Measurement Scales

The most commonly used  measurement scales are: (i) Nominal scale; (ii) Ordinal scale; (iii) Interval scale; and (iv) Ratio scale.

(i) Nominal scale: In this scale, symbols, events or attributes are numbered in order to identify them. The number order is symbolic and not quantitative  it is just convenient labels. Nominal scales are convenient ways to track people, objects and events. Although the nominal scale is the least powerful measurement level, yet it is very useful and is used in routinely in surveys and ex-post-facto researches for classification of major sub-groups of the population.

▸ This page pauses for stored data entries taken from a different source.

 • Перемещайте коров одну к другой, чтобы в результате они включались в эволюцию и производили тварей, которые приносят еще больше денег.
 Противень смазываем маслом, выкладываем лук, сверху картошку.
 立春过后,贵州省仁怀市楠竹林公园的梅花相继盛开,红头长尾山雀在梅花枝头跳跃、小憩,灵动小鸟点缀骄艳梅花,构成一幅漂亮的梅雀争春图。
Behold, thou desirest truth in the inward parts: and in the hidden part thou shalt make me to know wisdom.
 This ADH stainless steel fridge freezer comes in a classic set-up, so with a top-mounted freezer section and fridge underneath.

(ii) Ordinal scale: The ordinal scale measures degrees of separation between an event, object or emotion rather than quantitative measurement. The scale measures qualitative phenomena, and rank from highest to lowest. Ordinal measures have absolute values, and the real differences between adjacent ranks may not be equal. The usage of an ordinal scale implies ‘greater than’ or ‘less than’ without our being able to state how much greater or less. Measures of statistical significance are restricted to non-parametric methods.

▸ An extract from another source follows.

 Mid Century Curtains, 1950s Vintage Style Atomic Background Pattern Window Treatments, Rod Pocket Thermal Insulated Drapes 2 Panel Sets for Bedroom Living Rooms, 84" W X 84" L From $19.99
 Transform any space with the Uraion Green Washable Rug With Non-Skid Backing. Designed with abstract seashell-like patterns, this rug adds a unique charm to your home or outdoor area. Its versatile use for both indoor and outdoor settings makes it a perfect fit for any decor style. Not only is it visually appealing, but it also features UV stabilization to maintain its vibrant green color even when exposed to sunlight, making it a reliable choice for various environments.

(iii) Interval scale: In interval scale, the intervals in the scale are not fixed by zero but are adjusted as assumptions. Interval scales have an arbitrary zero. The Fahrenheit scale and time can be examples of an interval scale.

(iv) Ratio scale: Ratio scales are those scales of measurement which have an absolute or true zero of measurement. The various examples of ratio scale are Mass, length, duration,energy etc. A ratio scale has equal distances and a true zero.